### Data for the task

- - - -

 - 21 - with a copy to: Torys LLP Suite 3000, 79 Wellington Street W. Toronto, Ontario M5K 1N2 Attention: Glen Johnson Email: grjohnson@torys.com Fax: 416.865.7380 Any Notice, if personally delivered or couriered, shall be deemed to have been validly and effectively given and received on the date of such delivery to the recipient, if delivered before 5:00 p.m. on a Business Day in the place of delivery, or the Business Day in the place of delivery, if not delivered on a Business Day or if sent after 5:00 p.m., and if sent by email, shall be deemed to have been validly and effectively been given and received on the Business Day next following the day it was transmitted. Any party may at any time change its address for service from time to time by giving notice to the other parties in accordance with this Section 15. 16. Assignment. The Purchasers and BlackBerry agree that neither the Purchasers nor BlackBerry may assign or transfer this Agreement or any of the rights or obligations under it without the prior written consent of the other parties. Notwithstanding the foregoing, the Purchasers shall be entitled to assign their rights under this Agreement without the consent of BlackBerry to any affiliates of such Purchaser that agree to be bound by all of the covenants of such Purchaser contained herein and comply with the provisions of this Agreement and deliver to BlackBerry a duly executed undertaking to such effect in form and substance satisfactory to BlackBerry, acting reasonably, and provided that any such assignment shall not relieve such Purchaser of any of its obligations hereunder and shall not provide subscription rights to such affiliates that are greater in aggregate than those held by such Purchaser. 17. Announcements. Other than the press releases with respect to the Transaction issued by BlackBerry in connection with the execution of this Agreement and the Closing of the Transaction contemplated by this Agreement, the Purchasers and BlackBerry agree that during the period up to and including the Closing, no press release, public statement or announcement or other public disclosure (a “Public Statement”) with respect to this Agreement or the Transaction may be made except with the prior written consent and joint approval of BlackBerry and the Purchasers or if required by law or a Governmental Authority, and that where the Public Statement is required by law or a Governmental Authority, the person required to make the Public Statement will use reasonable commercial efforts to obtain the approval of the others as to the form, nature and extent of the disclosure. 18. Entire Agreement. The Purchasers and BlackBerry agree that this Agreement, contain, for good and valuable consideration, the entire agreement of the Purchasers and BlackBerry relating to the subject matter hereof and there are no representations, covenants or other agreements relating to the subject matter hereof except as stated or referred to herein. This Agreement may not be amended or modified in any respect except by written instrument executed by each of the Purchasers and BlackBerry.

- - - -

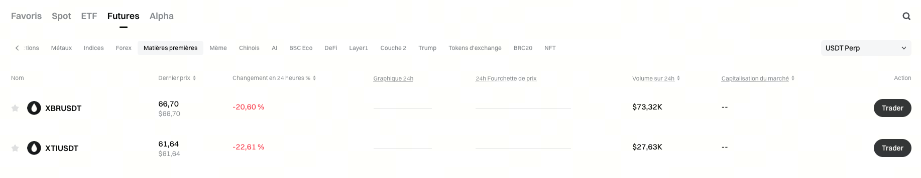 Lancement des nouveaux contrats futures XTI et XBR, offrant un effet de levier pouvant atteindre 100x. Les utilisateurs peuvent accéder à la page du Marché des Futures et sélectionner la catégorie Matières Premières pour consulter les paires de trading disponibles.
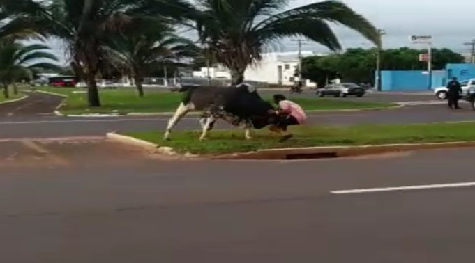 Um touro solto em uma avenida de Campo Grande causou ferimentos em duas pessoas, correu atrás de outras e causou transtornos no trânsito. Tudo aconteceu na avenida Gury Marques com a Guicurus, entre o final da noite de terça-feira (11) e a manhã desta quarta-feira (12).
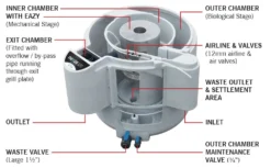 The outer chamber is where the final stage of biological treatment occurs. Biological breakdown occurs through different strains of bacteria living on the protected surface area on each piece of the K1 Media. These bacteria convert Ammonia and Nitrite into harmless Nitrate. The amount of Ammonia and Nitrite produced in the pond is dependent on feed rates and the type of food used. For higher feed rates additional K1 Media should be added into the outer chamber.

- - - -

### What the task asks
Word for word, write out the lines above running from the one with "Um touro solto" up to and including the one with "The outer chamber is". Drop any picture.

### Written solution
 Um touro solto em uma avenida de Campo Grande causou ferimentos em duas pessoas, correu atrás de outras e causou transtornos no trânsito. Tudo aconteceu na avenida Gury Marques com a Guicurus, entre o final da noite de terça-feira (11) e a manhã desta quarta-feira (12).
 The outer chamber is where the final stage of biological treatment occurs. Biological breakdown occurs through different strains of bacteria living on the protected surface area on each piece of the K1 Media. These bacteria convert Ammonia and Nitrite into harmless Nitrate. The amount of Ammonia and Nitrite produced in the pond is dependent on feed rates and the type of food used. For higher feed rates additional K1 Media should be added into the outer chamber.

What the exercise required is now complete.